▶ [Problem statement] Repeat the data exactly. Pictures stay out.

[Collected material]

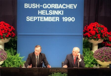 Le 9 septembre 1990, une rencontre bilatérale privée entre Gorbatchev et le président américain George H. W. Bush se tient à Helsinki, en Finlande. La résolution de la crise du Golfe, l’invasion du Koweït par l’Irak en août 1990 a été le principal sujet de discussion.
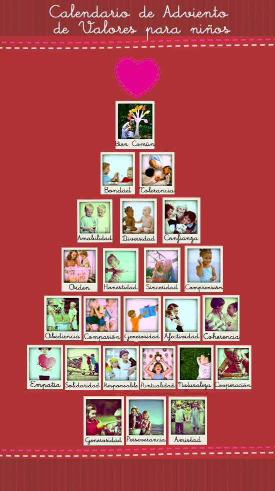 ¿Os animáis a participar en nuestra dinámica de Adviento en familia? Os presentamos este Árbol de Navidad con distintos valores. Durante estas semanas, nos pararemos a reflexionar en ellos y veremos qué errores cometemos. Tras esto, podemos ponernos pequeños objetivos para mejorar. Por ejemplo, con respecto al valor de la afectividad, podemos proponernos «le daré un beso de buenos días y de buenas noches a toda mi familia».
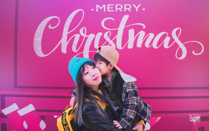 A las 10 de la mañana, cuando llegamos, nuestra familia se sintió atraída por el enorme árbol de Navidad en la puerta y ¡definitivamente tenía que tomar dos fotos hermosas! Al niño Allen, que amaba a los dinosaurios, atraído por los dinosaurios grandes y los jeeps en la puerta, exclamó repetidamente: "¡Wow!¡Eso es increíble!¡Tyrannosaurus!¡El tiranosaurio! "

[/Collected material]

▶ [Solution to this problem]
 Le 9 septembre 1990, une rencontre bilatérale privée entre Gorbatchev et le président américain George H. W. Bush se tient à Helsinki, en Finlande. La résolution de la crise du Golfe, l’invasion du Koweït par l’Irak en août 1990 a été le principal sujet de discussion.
 ¿Os animáis a participar en nuestra dinámica de Adviento en familia? Os presentamos este Árbol de Navidad con distintos valores. Durante estas semanas, nos pararemos a reflexionar en ellos y veremos qué errores cometemos. Tras esto, podemos ponernos pequeños objetivos para mejorar. Por ejemplo, con respecto al valor de la afectividad, podemos proponernos «le daré un beso de buenos días y de buenas noches a toda mi familia».
 A las 10 de la mañana, cuando llegamos, nuestra familia se sintió atraída por el enorme árbol de Navidad en la puerta y ¡definitivamente tenía que tomar dos fotos hermosas! Al niño Allen, que amaba a los dinosaurios, atraído por los dinosaurios grandes y los jeeps en la puerta, exclamó repetidamente: "¡Wow!¡Eso es increíble!¡Tyrannosaurus!¡El tiranosaurio! "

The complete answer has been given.